Puerto Rico, rated one step above junk, is set to issue debt in the next month, the first borrowing from the U.S. territory since August, officials said today.
The island of 3.6 million people has sufficient cash through June, David Chafey, chairman of the Government Development Bank, said in an interview on CNBC. The commonwealth may issue bonds in February, he said.
While Puerto Rico debt has rallied this month, the securities are trading at speculative-grade yields. Chafey declined to say the yield level at which Puerto Rico can afford to borrow. The interest rates on commonwealth debt may attract buyers, he said.
“If that’s what it takes to bring in investors, that’s fine,” Chafey said in the interview.
Moody’s Investors Service on Dec. 11 threatened to cut Puerto Rico to speculative grade within 90 days if it’s unable to access capital markets. The commonwealth and its agencies have $70 billion of debt. About 70 percent of U.S. municipal mutual funds own the securities, which are tax-exempt nationwide, according to Morningstar Inc.
Puerto Rico plans to sell as investors are adding the most money since September to the riskiest part of the $3.7 trillion municipal market, Lipper US Fund Flows data show.
Commonwealth securities have earned about 3.3 percent this year through Jan. 23, beating all 27 U.S. states in Standard & Poor’s total-return index and surpassing the 2 percent gain for the broader municipal market.
The federal government hasn’t offered additional funds, and Puerto Rico hasn’t requested such aid, Treasurer Melba Acosta said in the interview. Puerto Rico’s economy is contracting, and its jobless rate of 14.7 percent in November exceeded the level in all U.S. states.
“The federal government has offered technical assistance, and that’s what we’re getting,” Acosta said.

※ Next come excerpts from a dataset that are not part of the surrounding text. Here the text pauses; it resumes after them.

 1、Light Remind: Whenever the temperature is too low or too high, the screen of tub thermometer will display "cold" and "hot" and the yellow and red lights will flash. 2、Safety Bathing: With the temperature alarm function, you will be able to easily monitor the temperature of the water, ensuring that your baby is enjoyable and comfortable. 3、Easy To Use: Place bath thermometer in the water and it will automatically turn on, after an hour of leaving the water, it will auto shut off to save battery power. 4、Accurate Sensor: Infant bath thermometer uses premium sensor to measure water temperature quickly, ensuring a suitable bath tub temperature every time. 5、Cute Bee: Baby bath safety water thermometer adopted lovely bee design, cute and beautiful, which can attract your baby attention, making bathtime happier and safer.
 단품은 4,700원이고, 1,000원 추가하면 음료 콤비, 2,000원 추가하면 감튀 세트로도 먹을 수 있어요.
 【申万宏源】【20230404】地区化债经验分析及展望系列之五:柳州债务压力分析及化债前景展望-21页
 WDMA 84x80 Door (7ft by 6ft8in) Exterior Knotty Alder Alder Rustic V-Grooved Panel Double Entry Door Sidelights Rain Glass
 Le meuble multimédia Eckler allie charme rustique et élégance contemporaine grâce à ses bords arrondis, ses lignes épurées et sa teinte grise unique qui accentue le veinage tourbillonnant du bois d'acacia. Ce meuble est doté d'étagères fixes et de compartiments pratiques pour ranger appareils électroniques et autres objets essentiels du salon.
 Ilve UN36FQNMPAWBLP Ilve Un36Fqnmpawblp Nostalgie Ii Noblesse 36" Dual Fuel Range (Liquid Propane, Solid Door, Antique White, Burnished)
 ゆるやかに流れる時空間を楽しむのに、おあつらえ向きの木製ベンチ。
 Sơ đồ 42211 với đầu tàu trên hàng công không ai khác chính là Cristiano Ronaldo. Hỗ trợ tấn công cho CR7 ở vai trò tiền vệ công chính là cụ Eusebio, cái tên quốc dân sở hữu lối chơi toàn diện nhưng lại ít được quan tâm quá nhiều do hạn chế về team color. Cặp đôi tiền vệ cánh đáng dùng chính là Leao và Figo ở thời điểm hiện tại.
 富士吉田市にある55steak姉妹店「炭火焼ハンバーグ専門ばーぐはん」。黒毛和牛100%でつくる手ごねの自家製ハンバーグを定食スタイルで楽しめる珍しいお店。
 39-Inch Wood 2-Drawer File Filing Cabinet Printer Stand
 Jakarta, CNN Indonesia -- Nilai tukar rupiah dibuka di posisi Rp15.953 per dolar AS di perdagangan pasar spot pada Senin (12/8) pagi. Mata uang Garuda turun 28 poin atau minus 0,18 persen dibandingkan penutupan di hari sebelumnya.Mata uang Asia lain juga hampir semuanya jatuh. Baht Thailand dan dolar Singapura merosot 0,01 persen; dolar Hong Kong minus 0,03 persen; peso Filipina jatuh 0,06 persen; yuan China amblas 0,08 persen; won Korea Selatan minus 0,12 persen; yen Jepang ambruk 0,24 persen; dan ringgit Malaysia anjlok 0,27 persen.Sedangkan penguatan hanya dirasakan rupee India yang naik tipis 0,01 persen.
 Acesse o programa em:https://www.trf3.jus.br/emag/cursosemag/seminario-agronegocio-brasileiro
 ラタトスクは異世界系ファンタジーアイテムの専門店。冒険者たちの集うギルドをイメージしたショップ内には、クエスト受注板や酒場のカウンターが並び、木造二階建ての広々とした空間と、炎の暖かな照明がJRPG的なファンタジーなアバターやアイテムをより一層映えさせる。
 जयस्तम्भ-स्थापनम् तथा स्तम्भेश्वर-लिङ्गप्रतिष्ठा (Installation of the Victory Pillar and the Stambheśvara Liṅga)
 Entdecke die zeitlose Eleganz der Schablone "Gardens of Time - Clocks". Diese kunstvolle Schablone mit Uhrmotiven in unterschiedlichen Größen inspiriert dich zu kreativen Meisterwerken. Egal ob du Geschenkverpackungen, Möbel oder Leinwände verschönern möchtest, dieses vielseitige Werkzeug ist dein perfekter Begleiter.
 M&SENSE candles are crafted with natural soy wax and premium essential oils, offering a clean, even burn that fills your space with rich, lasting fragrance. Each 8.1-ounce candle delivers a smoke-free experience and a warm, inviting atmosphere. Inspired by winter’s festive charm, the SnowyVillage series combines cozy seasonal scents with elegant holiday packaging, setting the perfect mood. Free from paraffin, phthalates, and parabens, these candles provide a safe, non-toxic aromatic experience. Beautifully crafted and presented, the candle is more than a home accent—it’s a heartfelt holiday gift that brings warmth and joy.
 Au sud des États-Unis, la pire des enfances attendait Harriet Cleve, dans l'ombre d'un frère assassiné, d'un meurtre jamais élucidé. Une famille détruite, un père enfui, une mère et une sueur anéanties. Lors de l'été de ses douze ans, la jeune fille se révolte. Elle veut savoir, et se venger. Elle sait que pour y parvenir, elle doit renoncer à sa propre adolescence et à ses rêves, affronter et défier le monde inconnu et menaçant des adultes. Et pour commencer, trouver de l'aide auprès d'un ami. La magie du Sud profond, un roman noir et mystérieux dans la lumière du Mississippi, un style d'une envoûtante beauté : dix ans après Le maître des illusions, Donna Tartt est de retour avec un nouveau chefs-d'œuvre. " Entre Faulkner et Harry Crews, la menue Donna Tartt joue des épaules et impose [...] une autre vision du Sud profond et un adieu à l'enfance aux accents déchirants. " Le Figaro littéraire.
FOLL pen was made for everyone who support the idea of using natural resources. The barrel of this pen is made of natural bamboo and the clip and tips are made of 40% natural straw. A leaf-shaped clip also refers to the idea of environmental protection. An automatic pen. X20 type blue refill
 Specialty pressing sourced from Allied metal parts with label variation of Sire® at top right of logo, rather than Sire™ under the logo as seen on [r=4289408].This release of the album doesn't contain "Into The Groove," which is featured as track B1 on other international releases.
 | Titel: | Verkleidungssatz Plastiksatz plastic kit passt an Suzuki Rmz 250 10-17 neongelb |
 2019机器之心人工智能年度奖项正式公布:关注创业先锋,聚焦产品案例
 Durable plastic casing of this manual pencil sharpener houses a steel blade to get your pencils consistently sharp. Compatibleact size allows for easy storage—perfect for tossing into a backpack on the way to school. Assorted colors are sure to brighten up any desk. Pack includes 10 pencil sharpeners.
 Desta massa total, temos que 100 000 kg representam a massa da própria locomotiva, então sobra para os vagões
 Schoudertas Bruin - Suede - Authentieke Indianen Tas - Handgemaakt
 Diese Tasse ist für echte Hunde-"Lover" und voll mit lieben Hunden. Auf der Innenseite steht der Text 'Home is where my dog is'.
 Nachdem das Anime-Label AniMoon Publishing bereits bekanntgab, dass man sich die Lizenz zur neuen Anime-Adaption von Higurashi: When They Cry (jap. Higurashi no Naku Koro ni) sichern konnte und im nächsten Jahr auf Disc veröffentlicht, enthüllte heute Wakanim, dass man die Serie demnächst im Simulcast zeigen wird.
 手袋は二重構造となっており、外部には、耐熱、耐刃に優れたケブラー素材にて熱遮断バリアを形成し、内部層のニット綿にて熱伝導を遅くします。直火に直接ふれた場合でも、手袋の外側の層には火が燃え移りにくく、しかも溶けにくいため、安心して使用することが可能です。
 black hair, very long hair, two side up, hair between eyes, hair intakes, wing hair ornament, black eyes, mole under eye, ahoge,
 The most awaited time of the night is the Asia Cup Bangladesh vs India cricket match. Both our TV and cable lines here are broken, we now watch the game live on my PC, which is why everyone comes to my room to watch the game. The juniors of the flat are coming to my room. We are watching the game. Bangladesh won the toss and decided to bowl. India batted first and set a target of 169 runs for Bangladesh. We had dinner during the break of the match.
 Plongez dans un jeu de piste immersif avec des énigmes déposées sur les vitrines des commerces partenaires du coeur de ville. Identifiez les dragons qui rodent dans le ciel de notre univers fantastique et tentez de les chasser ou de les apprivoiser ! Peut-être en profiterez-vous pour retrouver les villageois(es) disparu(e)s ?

Rising interest rates last quarter halted issuance of as much as $1.2 billion of sales-tax debt. The last borrowing from a Puerto Rico issuer was a $673 million Puerto Rico Electric Power Authority revenue-bond sale in August, data compiled by Bloomberg show.
Puerto Rico sales-tax bonds maturing in August 2042 and graded four steps below top-rated munis by S&P traded today with an average yield of 8.06 percent, about 4.16 percentage points above benchmark munis, Bloomberg data show. The yield gap was 4.4 percentage points at the end of 2013.
Morgan Stanley has approached hedge funds and buyers of distressed debt to assess interest in a possible taxable Puerto Rico bond sale, according to three people with knowledge of the matter who requested anonymity because the conversations are private.